Notre Dame Prez Tells NCAA It Can’t Decide Morals for Schools

A gender neutral sign is posted outside a bathroom on May 11, 2016 in Durham, North Carolina

The president of the University of Notre Dame warns the National Collegiate Athletic Association (NCAA) that it can’t mandate what morals he and his college will follow just because it controls college sports.

The religious school’s president, John I. Jenkins, penned an editorial for The Wall Street Journal wherein he said the NCAA has overstepped its authority with its attempt to impose moral ideals on college sports.

In particular, the priest is concerned over the NCAA’s action of moving 2016-17 national championship games away from North Carolina because of the state’s HB2 bathroom law. Jenkins essentially asserted that the sports organization has no right to involve itself in legislation passed by state governments. He also hinted that the NCAA has gotten arrogant because of the huge amount of money college sports generates.

“The role of such associations,” Jenkins said of the NCAA, “is to foster athletic competition that is fair and serves the well-being of student-athletes. There is plenty of work for them to do in that sphere without assuming the role of spokesperson for their members on contentious political and social issues.”

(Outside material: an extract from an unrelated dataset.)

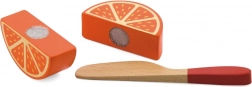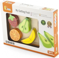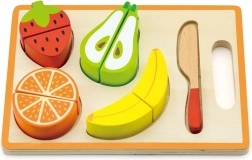 Ovaj kvalitetan drveni set nudi sigurnu igru kuhanja: pojedini komadi voća spojeni su čičkom, zahvaljujući čemu ih djeca mogu više puta “rezati” i ponovno spajati. Zahvaljujući realističnoj izradi djeca uče prepoznavati oblike i boje, vježbaju hvat i koordinaciju te razvijaju maštu u igri kuhanja.

Jenkins allowed that “respect” for the LGBT community is important, but so are the positions of those who feel threatened by men pretending to be women in public restrooms, locker rooms, and changing rooms.

Heightened respect for the rights of lesbian, gay, bisexual and transgender citizens is a signal moral achievement of our time, and harboring reservations about any retrenchment is natural. Yet some citizens may wonder about the implications of substituting gender identity for biological sex in public restrooms. While attending to the rights and sensibilities of transgender persons, it’s important to also take into account the feelings of those who might be uncomfortable undressing in front of a member of the opposite biological sex.

Jenkins closed with a sentiment that perfectly encapsulates the failure of many institutions of higher learning.

At a time when tweets, slogans and sound bites seem to define the substance of our political discourse; when respect for truth seems a casualty of the campaign; and when ideological polarization often hamstrings responsible governing, the nation needs universities to raise the intellectual tone of Americans’ discussions more than ever. We must strive to do a better job of providing this service. We will certainly fail if we delegate the work to athletic associations.

The conflict between the NCAA and the state of North Carolina arose when the state legislature passed HB2 into law to protect the safety of women and children from predators who may pretend to be women in order to gain access to the women’s facilities in public places.

The bill, North Carolina Governor Pat McCrory said, was heavily opposed by the deep pockets of gay advocacy organizations from outside the state.